### WORK REQUEST
Would you please set down the data again exactly as given, excluding the pictures?

### DATASET CONTENT
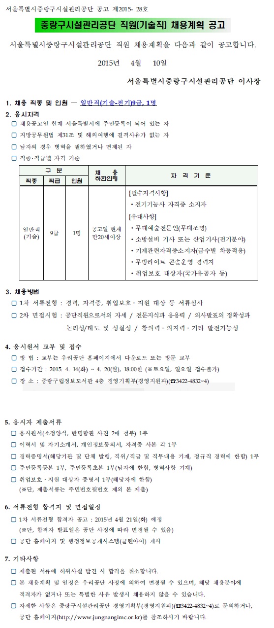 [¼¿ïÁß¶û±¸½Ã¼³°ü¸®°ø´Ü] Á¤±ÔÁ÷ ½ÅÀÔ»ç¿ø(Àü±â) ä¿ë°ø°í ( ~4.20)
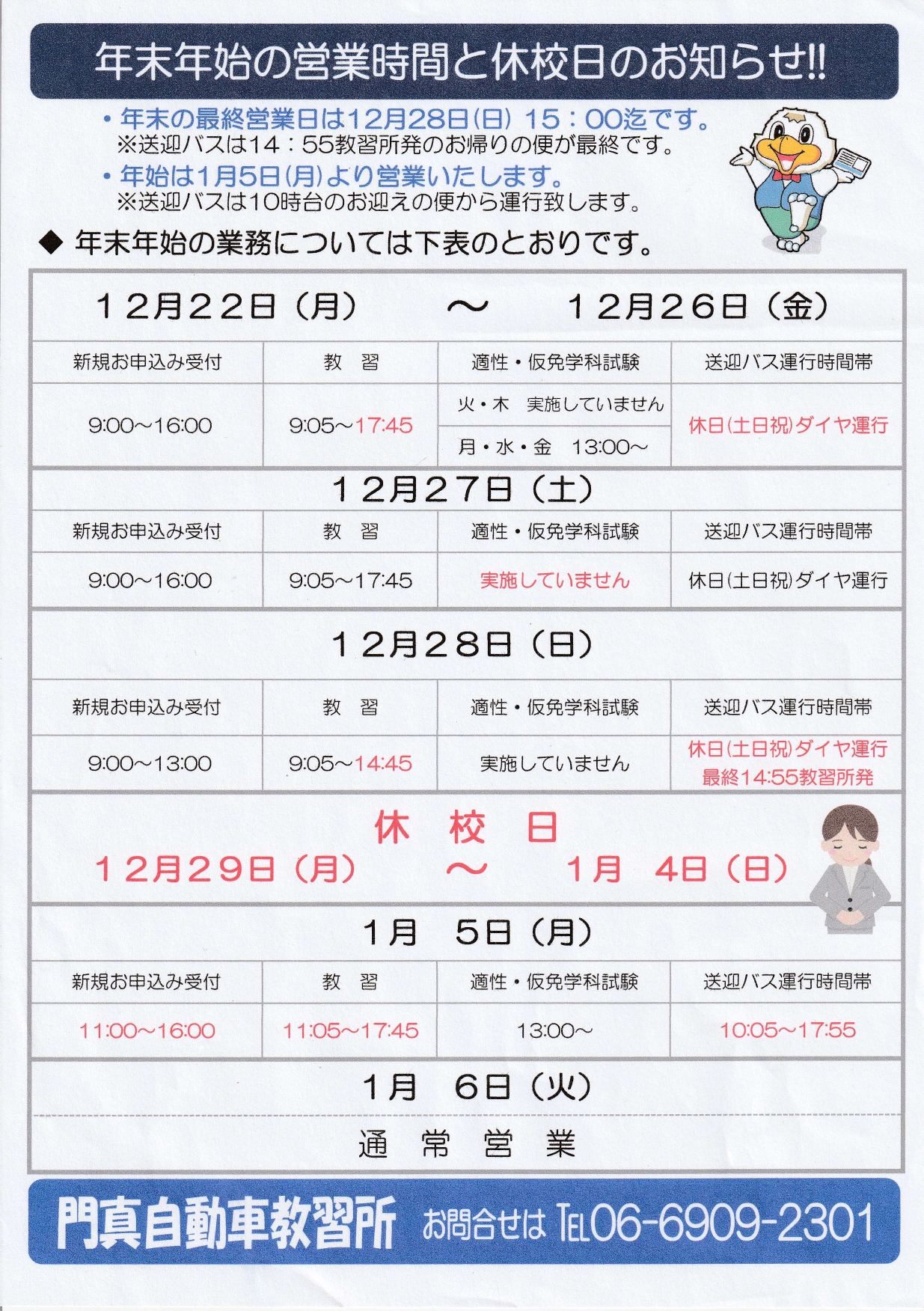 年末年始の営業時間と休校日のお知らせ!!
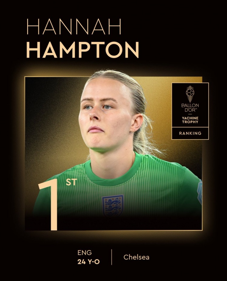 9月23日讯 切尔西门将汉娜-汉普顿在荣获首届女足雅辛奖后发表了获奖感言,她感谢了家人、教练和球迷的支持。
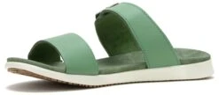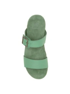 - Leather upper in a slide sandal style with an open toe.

### SOLUTION TO THIS EXERCISE
 [¼¿ïÁß¶û±¸½Ã¼³°ü¸®°ø´Ü] Á¤±ÔÁ÷ ½ÅÀÔ»ç¿ø(Àü±â) ä¿ë°ø°í ( ~4.20)
 年末年始の営業時間と休校日のお知らせ!!
 9月23日讯 切尔西门将汉娜-汉普顿在荣获首届女足雅辛奖后发表了获奖感言,她感谢了家人、教练和球迷的支持。
 - Leather upper in a slide sandal style with an open toe.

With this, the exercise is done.